Por fim, e não menos complicada, é a normativa de definição de conselheiros federais titulares ou suplentes, feita por um coeficiente eleitoral relacionado à porcentagem dos votos obtidos no pleito, desconsiderando o número total de votos para efeito de representatividade. Para melhor entendimento dos leigos e PEFs recém-formados, os conselheiros detêm poderes enormes, e são eles, por exemplo, que elegem o presidente do Conselho Federal de Educação Física.

Para facilitar o entendimento do quanto isto é grave, nesta eleição, 14 Estados tiveram candidatos únicos, somados a mais dois que foram impugnados, ou seja, a representação dos mais de 688 mil profissionais foi decidida, em sua maioria, em pleitos sem disputa, incluindo o do atual presidente reeleito por Minas Gerais, com pouco mais de mil votos.
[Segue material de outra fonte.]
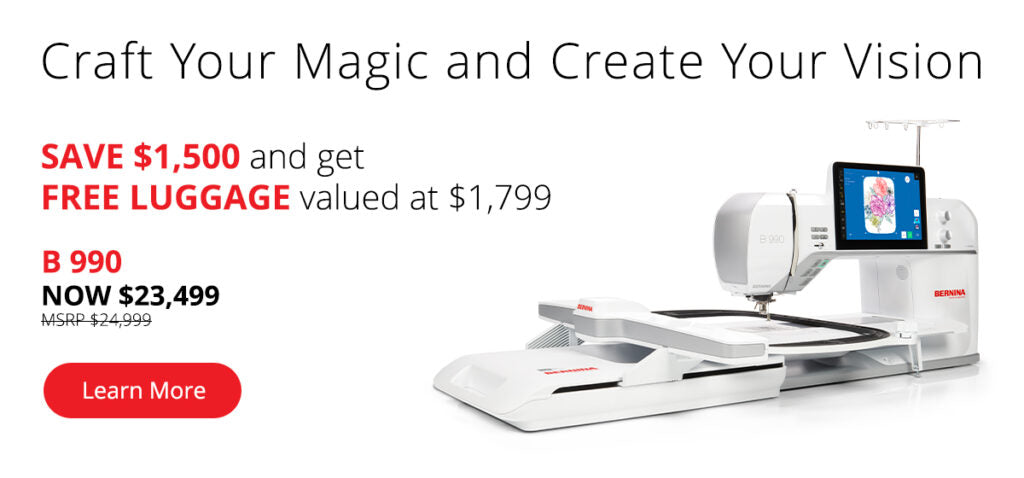 Indulge in the luxury of Swiss engineering with the Bernina 990 sewing and embroidery machine. Its spacious design, intuitive technology, and versatility allow for magical creations in sewing, quilting, and embroidery. Elevate your crafting experience with this premium machine.

Temos ainda, em razão dessa mesma regra, candidatos como o de Tocantins, que obteve assustadores 27 (vinte e sete) votos, e do Amapá, que totalizou 30 (trinta), e cujos coeficientes eleitorais os colocaram como conselheiros titulares. Em contrapartida, Estados que tiveram disputa, como São Paulo, cujo vencedor recebeu 2.776 votos, e Santa Catarina, cujo vencedor obteve 1.067, foram colocados como conselheiros suplentes – sem direito a voto. Se levarmos em conta que apenas 18.804 votos foram considerados válidos para o pleito, isso significa que apenas o candidato de São Paulo recebeu quase 15% de todos os votos válidos, e se somados Santa Catarina e São Paulo, representariam mais de 20% dos eleitores validados em toda a votação. Mesmo assim ambos foram colocados como suplentes.

Mais uma vez questiono: Esse critério é representativo para os Profissionais de Educação Física? Por que o CONFEF insiste em não respeitar os profissionais, criando normas que prejudicam a vontade do voto do registrado? É esse o comportamento esperado de uma autarquia federal, no que se refere aos preceitos democráticos e à isonomia?

Por fim, é muito difícil não pensar que todo esse quadro seja desejável para que não haja alternância de poder, pois lá se vão 26 anos de experiência do sistema CONFEF/CREFs em relação a eleições, e que a essa altura poderia estar executando mudanças para estimular a participação de todos os profissionais nas eleições do sistema.

Perpetuação e continuísmo travestidos de representatividade

O sistema eleitoral do CONFEF/CREFs é um conjunto de disparates que desrespeitam todos os princípios democráticos e contêm vícios profundamente arraigados. Regras que excluem, processos que desestimulam a participação e critérios que favorecem escancaradamente a diretoria da entidade, transformando o pleito num exercício de blindagem institucional.

Curiosamente, todos os Estados cujos dirigentes se opuseram ao sistema tiveram candidatos impugnados, ou uma quantidade absurda de votos inválidos, como aconteceu com São Paulo, que teve 60% dos votos rejeitados pela comissão eleitoral do CONFEF.

Com apenas 3% de participação efetiva, decisões bilionárias são tomadas por um sistema estruturado para manter privilégios e evitar a renovação. Não há isonomia, paridade ou respeito ao direito de escolha dos profissionais, resultando numa perpetuação de poder travestida de representatividade.

Enquanto esses vícios não forem sanados, o que resta é um sistema absolutamente corrompido, que finge ser democrático, mas opera como um clube fechado, sustentado por práticas desonestas, em que as mudanças são sufocadas e a vontade, os interesses e os direitos dos quase 700 mil profissionais são anulados por uma gestão corrupta e alheia à representatividade.